In a wide-ranging interview last spring, Pine opened up about her career as a performer and educator. She discussed her upbringing in this city and the tremendous array of available resources that helped her learn, grow, and hone her talent. She has also been at the forefront of promoting classical music and helping emerging artists in underrepresented communities. She has a robust recording career, including numerous albums on Chicago’s Cedille Records. She also described her infatuation with heavy metal and how that came about.

I had attended some concerts of hers, and was generally impressed, but her recordings are what really grabbed my attention. First were her recordings of the Mozart Violin Concertos and Symphonie Concertante. The five violin concertos are early works that show Mozart’s teenage genius. They are a marvelous mix of juvenile joy and mature complexity. Pine showed off a remarkably delicate touch in the quieter moments and robust playing in the exciting moments.

She gave them even greater distinction by writing her own cadenzas. Of these works, my favorites have always been No. 4 in D-major, followed closely by No. 5 in A-major, with its “Turkish” inspired finale, and No. 3 in G-major. Yet, Pine’s playing expanded my interest in other works, especially No. 1 in B-flat-major, which has a beautifully lyrical slow movement and finale.

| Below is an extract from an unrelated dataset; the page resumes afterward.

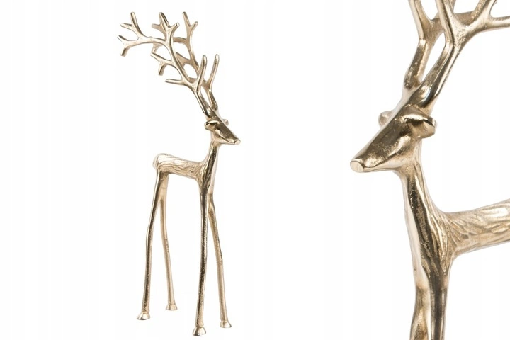 Renifer metalowy złoty chudy 45 cm to ozdoba świąteczna, która łączy minimalizm z elegancją. Smukła sylwetka i ciepłe, satynowe złoto pięknie odbijają światło lampek, tworząc nastrojową poświatę. Ta dekoracja subtelnie podkreśli zimowy klimat, doda klasy aranżacjom w stylu nowoczesnym, skandynawskim lub glamour i sprawi, że dom stanie się jeszcze bardziej przytulny. Idealna na prezent – od razu gotowa, by wprowadzić odrobinę świątecznej magii.

Recording these works with Sir Neville Mariner and the Academy of St. Martin in the Fields orchestra certainly added flair, as did her collaboration with violist and Chicago native Matthew Lipman for the Symphonie Concertante. This work from Mozart’s maturity, one of the few concertos by any major composer to feature a viola, is delightful from start to finish. As a pair, Pine and Lippman played magically off one another, combining the sweet sound of the violin with the sonorous sound of the viola.

That Rachel Barton Pine was a violin prodigy was evident from an early age. She started violin lessons at three years old and was playing Bach in her church, St. Pauls Church of Christ in Lincoln Park, at the age of four.

She recalled how the church often featured classical music. “The organist would play Bach Toccatas and Fugues, and the choir regularly did movements of Handel and Mendelssohn oratorios,” she said, reflecting, “It really shaped who I am as an artist because it wasn’t the idea of being onstage, or being judged. It was that, really, there’s no separation between audience and performer. We didn’t even think of it. We were part of a congregation. I happened to be the one making the music, but everyone was experiencing the music together, not on separate sides of the equation.”

This approach to making music together has influenced her ever since. “That idea of joining together to make and hear the music, not making the music for the purpose of entertaining or showing off, but for the purpose of uplifting our spirits, that was really the meaning of sharing my violin with people that I took to the stage and still carry with me, whatever the venue is, whether it’s a 2000-seat hall, or a hospital room playing for one person.”

Playing Bach growing up at church also played a big role in her development as an artist, which she described in the liner notes of her excellent CD, Solo Baroque. Unlike the Mozart concertos, which were released by Avie Records in 2015, this release was on Chicago’s Cedille Records, which has issued many of Pine’s recordings.